• EXERCISE REQUIREMENTS: An exact copy of all the data below is needed, without its pictures.

[Stored entries]
════

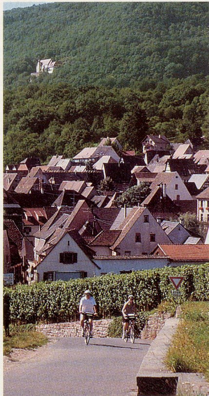
Erholung bei Radfahren und Schlemmen im Elsass.

Auch in diesem Jahr lockt «La Bicyclette Gourmande» zum Einsteigen oder Umsteigen aufs Velo. Der Elsässer Veranstalter bietet Veloreisen auch für Ungeübte mit Aufhalten in ganz besonders charmanten Hotels und – wie der Name La Bicyclette Gourmande sagt – in ausgewählten Gourmet-Restaurants an. Die bisherigen Arrangements führten durchs Elsass, nach Italien, Luzern und ins Berner Oberland. «Ich habe schon viele Veloreisen in
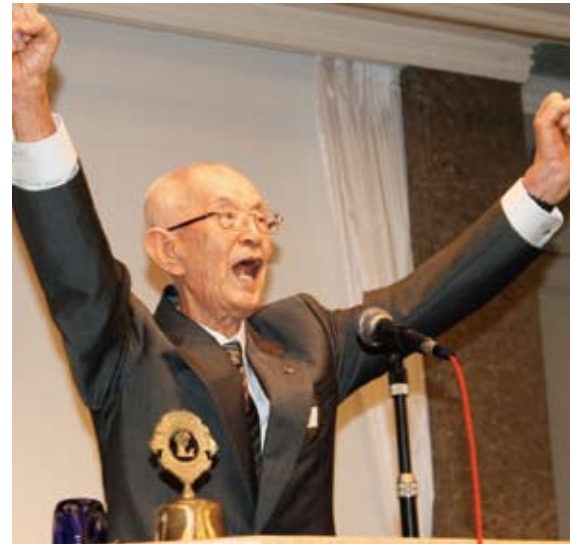
▲L.勸山の力強いローア
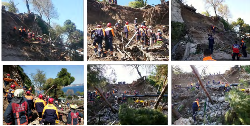
Şekil 2. Türkiye'de 2023 yılında heyelan sonrası müdahale çalışmaları

Heyelanlar, sele nazaran genellikle daha küçük alanları etkilerken, ciddi ölümlere ve mali kayıplara neden olmaktadır. Nüfus artışı ve dağlık bölgelerdeki hassas eğimli arazilerde veya yakınlardaki kontrolsüz yerleşimler sonucunda son yıllarda heyelan olayları ve bunun insan yaşamına ve çeşitli mülklere olan etkisi artmaktadır. Heyelana yol açan doğal sebeplerden bazılarında yağış, eğim, zayıf zemin ve deprem verilebilir. Bunun yanında insan kökenli sebeplerden de heyelan meydana gelebilmektedir. Yamaçlarda ormanların tahrip edilmesi, eğimli arazilere, riskli alanlara yerleşme (fazla nüfus ve mevcut yerleşim yeri azlığından, mali problemlerden), drenaj kanallarının bakımının iyi yapılmaması, su bertarafındaki yetersizlikler gibi nedenlerden dolayı da heyelan meydana gelebilmektedir (Kervyn vd., 2015). Zeminlerde meydana gelenlere ilaveten bazı özel saharlarda oluşan heyelanlar da afet oluşturabilmektedir (Toprak vd., 2021)
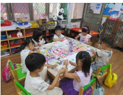
大家一起彩繪龍舟
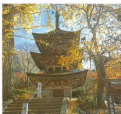
■前山寺重要文化財三重塔
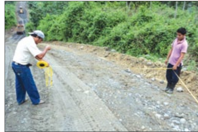
7km de vía lastrada por la Prefectura de Esmeraldas
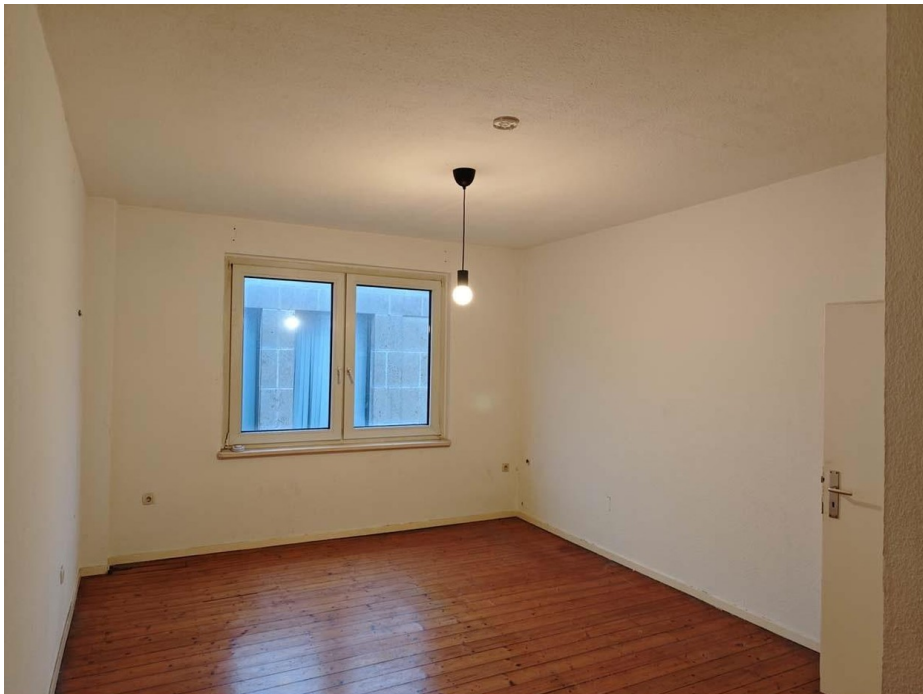
XIAOMI 14 ULTRA 2025.01.05 16:11:04
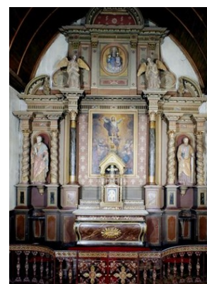
Le retable du maître-autel (XVIII e -XIX e siècle)

Rendez-vous devant l'église. Plein tarif : 5 euros ; tarif réduit : 3,50 euros ; gratuit pour les moins de 18 ans et les étudiants.

════

• EXERCISE RESULT:
Erholung bei Radfahren und Schlemmen im Elsass.

Auch in diesem Jahr lockt «La Bicyclette Gourmande» zum Einsteigen oder Umsteigen aufs Velo. Der Elsässer Veranstalter bietet Veloreisen auch für Ungeübte mit Aufhalten in ganz besonders charmanten Hotels und – wie der Name La Bicyclette Gourmande sagt – in ausgewählten Gourmet-Restaurants an. Die bisherigen Arrangements führten durchs Elsass, nach Italien, Luzern und ins Berner Oberland. «Ich habe schon viele Veloreisen in
▲L.勸山の力強いローア
Şekil 2. Türkiye'de 2023 yılında heyelan sonrası müdahale çalışmaları

Heyelanlar, sele nazaran genellikle daha küçük alanları etkilerken, ciddi ölümlere ve mali kayıplara neden olmaktadır. Nüfus artışı ve dağlık bölgelerdeki hassas eğimli arazilerde veya yakınlardaki kontrolsüz yerleşimler sonucunda son yıllarda heyelan olayları ve bunun insan yaşamına ve çeşitli mülklere olan etkisi artmaktadır. Heyelana yol açan doğal sebeplerden bazılarında yağış, eğim, zayıf zemin ve deprem verilebilir. Bunun yanında insan kökenli sebeplerden de heyelan meydana gelebilmektedir. Yamaçlarda ormanların tahrip edilmesi, eğimli arazilere, riskli alanlara yerleşme (fazla nüfus ve mevcut yerleşim yeri azlığından, mali problemlerden), drenaj kanallarının bakımının iyi yapılmaması, su bertarafındaki yetersizlikler gibi nedenlerden dolayı da heyelan meydana gelebilmektedir (Kervyn vd., 2015). Zeminlerde meydana gelenlere ilaveten bazı özel saharlarda oluşan heyelanlar da afet oluşturabilmektedir (Toprak vd., 2021)
大家一起彩繪龍舟
■前山寺重要文化財三重塔
7km de vía lastrada por la Prefectura de Esmeraldas
XIAOMI 14 ULTRA 2025.01.05 16:11:04
Le retable du maître-autel (XVIII e -XIX e siècle)

Rendez-vous devant l'église. Plein tarif : 5 euros ; tarif réduit : 3,50 euros ; gratuit pour les moins de 18 ans et les étudiants.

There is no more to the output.